### Dataset records
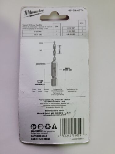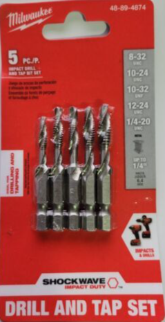You are Buying a Brand New And factory Sealed Milwaukee SHOCKWAVE SAE Steel Drill Tap Set (5-Piece)... 5-Piece SAE Impact Drill Tap Set taps and drills at the same time. The bits features 24 threads per inch and are intended for use in up to 1/4 in. metal and have laser etched sizes for easy size identification. The tap drill bit is design for use in Impact Drivers and Drill Drivers. Laser etched size for easy size identification, 1/4 in. quick change hex shank. Designed for use in impact drivers and drill drivers. For use in up to 1/4 in. metal. Includes: (1) 8-32 UNC Drill Tap, (1) 10-24 UNC Drill Tap, 10-32 UNC Drill Tap, 12-24 UNC Drill Tap, 1/4-20 UNC Drill Tap...
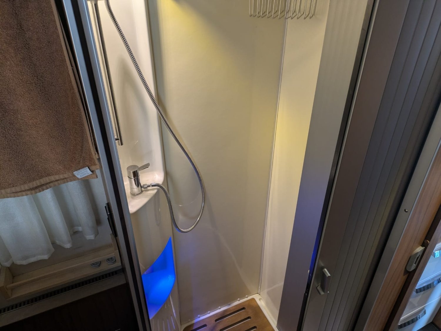 CHAUFFAGE CENTRAL ALDE, STORE EXTERIEUR 4.5M, GAZINIERE 3 FEUX, DOUCHE ET WC SEPARES, ECLAIRAGE LED, MOUSTIQUAIRE DE PORTE CELLULE, PORTE VELO, RAFRAICHISSEUR D' AIR, REFRIGERATEUR 12V A COMPRESSION, GLACIÈRE À COMPRESSION
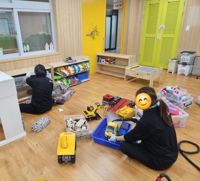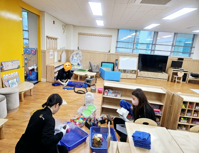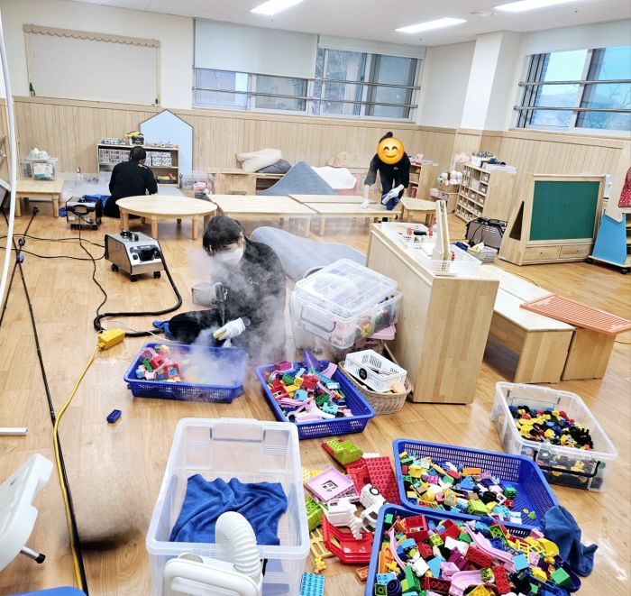 책걸상과 교구장, 교구재를 스팀세척살균소독 하였습니다.
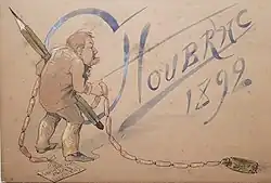 The poster collector Ernest Maindron (fr), who wrote the first essay about the illustrated poster in the Gazette des Beaux-Arts in 1884, and later published the first book on the subject (Les Affiches Illustrees) in 1886, mentioned the Choubrac brothers and Chéret among the pioneers of the illustrated poster.[21][22] Maindron praised Choubrac's bold line, sense of composition and highly decorative skills. According to Maindron, in his subsequent book Les Affiches Illustrees (1886–1895) published in 1896, Choubrac must have drawn more than four hundred posters for theatres, novels and industry products, before he switched his attention to the design of theatrical costumes, in which he was equally successful.[7]
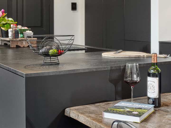 Het werkblad van de luxe keuken is van keramiek, gemêleerd met grijs, zwart en brons. Heel chique in combinatie met matzwart. Keihard als het is kan keramiek goed tegen een stootje.
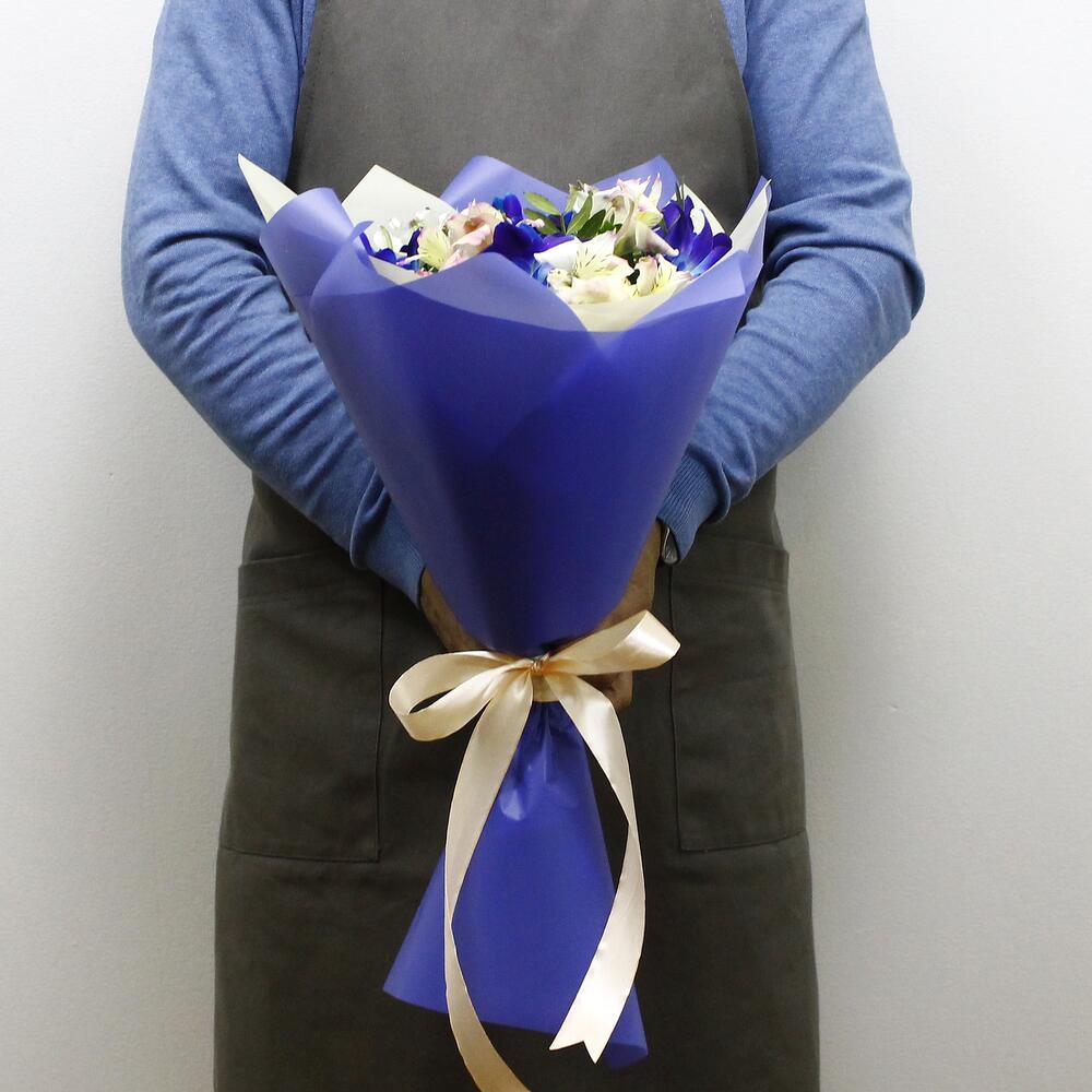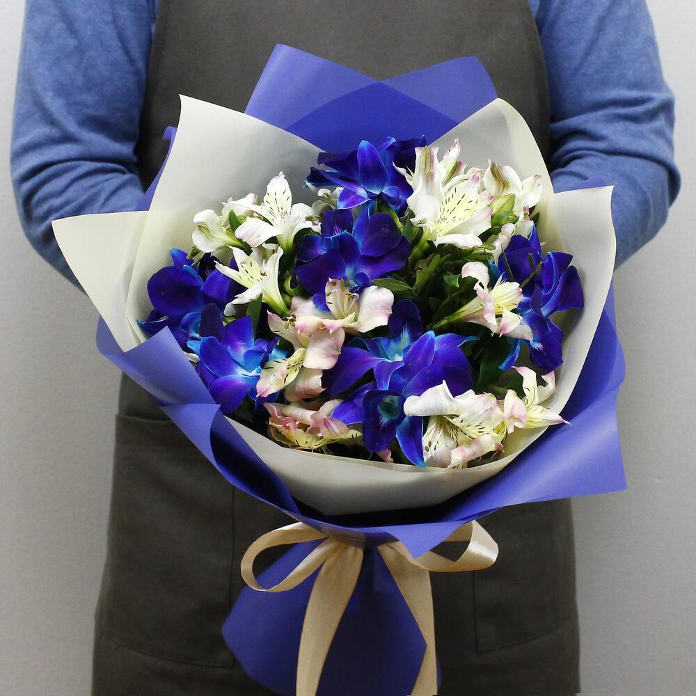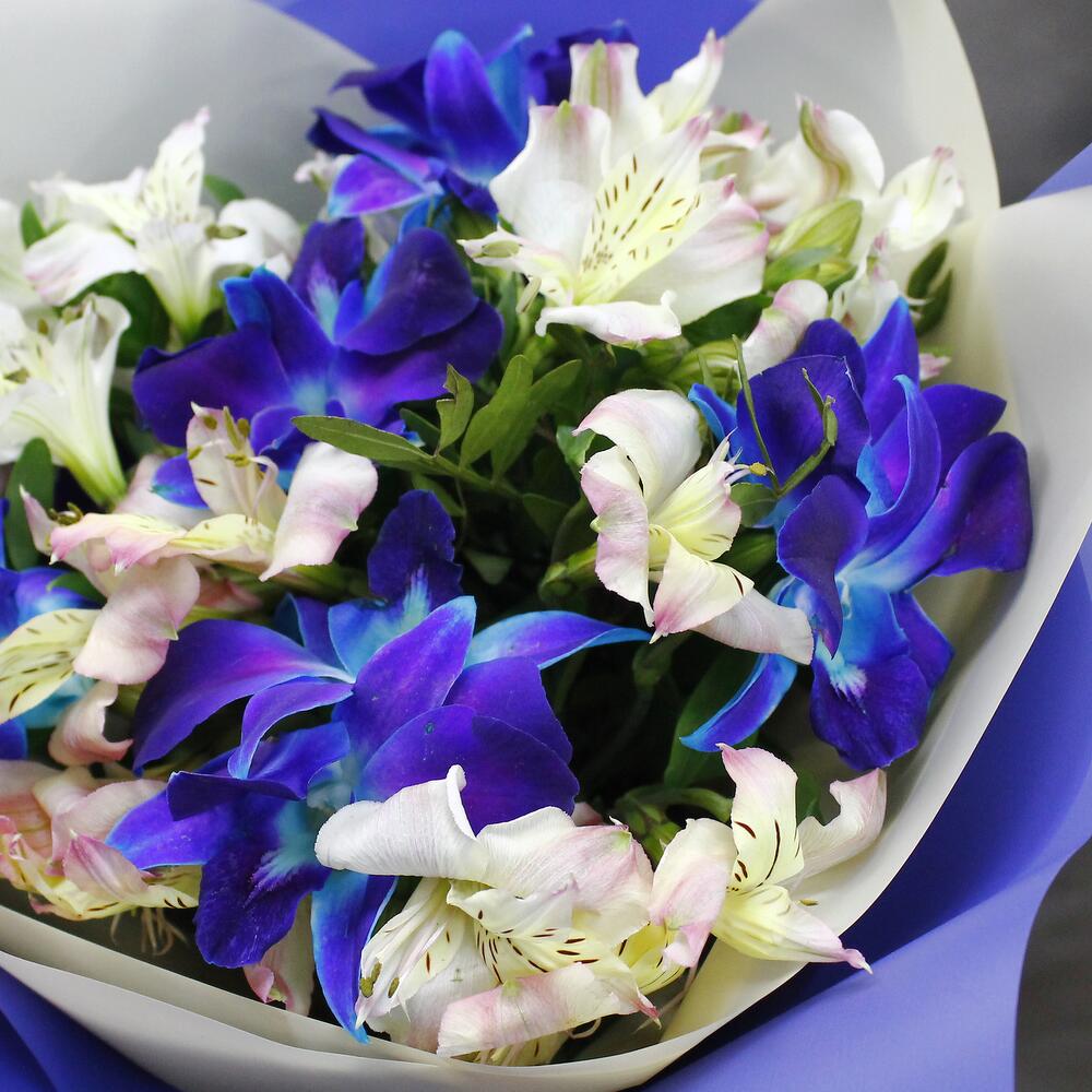 Альстромерия – 5 шт.Рускус – 6 шт.Лента атласная – 1 шт.удлинитель для орхидеи – 6 шт.Средство для продления жизни цветов – 1 шт.Дизайнерская упаковка – 2 шт.инструкция по уходу за цветами – 1 шт.любовь флориста (бесплатно) – 1 шт.орхидея дендробиум синяя цветочки – 12 шт.
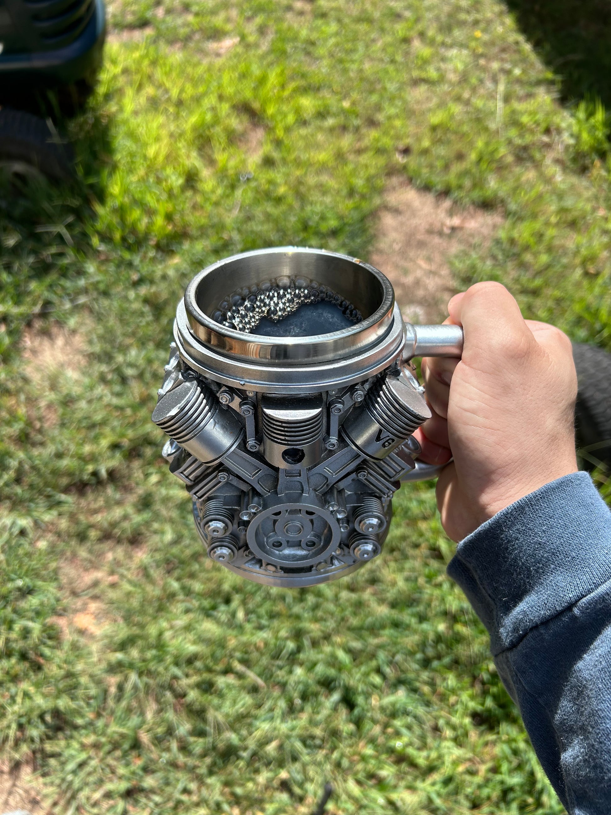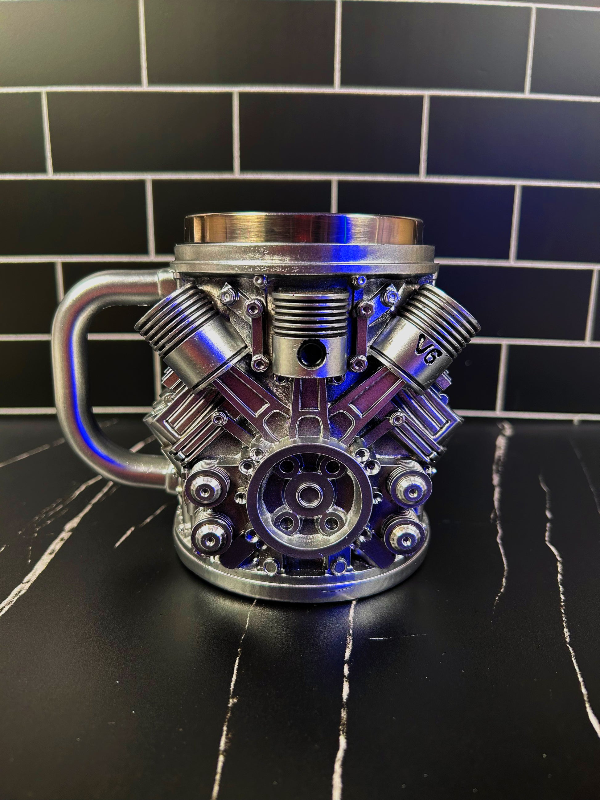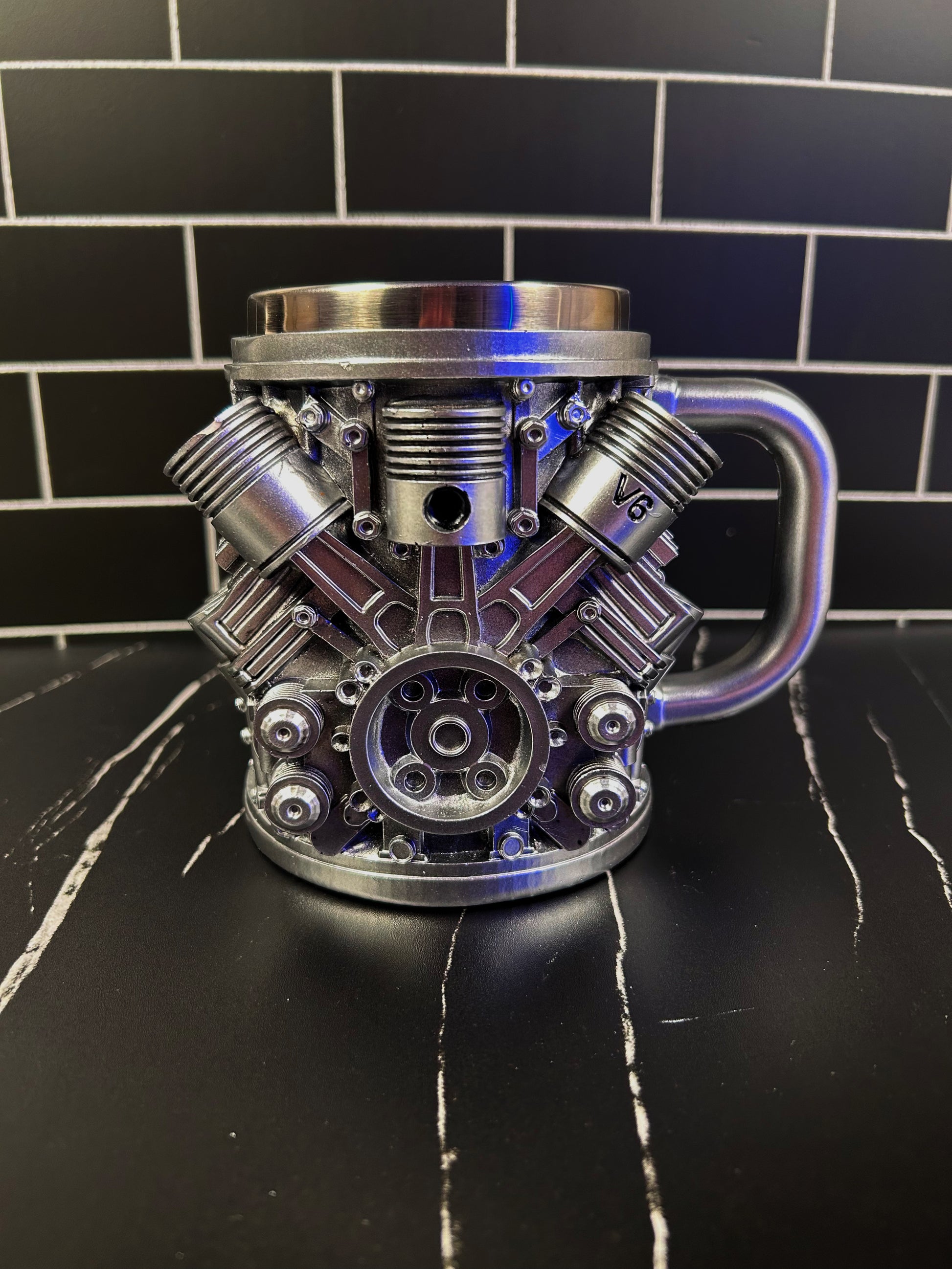 Rev up your mornings with this 15 oz V6 mug a bold blend of stainless steel interior and a detailed resin exterior, built for car enthusiasts. Engineered for durability, this mug weighs about 1–1.5 lbs, giving it a solid, premium feel. Measuring roughly 4.5–5 inches tall and 3.5–4 inches wide, it’s the perfect size for coffee, tea, or any drink that fuels your day.

### Work task
Between and including the line with "CHAUFFAGE CENTRAL ALDE, STORE" and the line with "책걸상과 교구장, 교구재를 스팀세척살균소독 하였습니다.", repeat every line exactly as it appears above, with pictures left out.

### Response area
 CHAUFFAGE CENTRAL ALDE, STORE EXTERIEUR 4.5M, GAZINIERE 3 FEUX, DOUCHE ET WC SEPARES, ECLAIRAGE LED, MOUSTIQUAIRE DE PORTE CELLULE, PORTE VELO, RAFRAICHISSEUR D' AIR, REFRIGERATEUR 12V A COMPRESSION, GLACIÈRE À COMPRESSION
 책걸상과 교구장, 교구재를 스팀세척살균소독 하였습니다.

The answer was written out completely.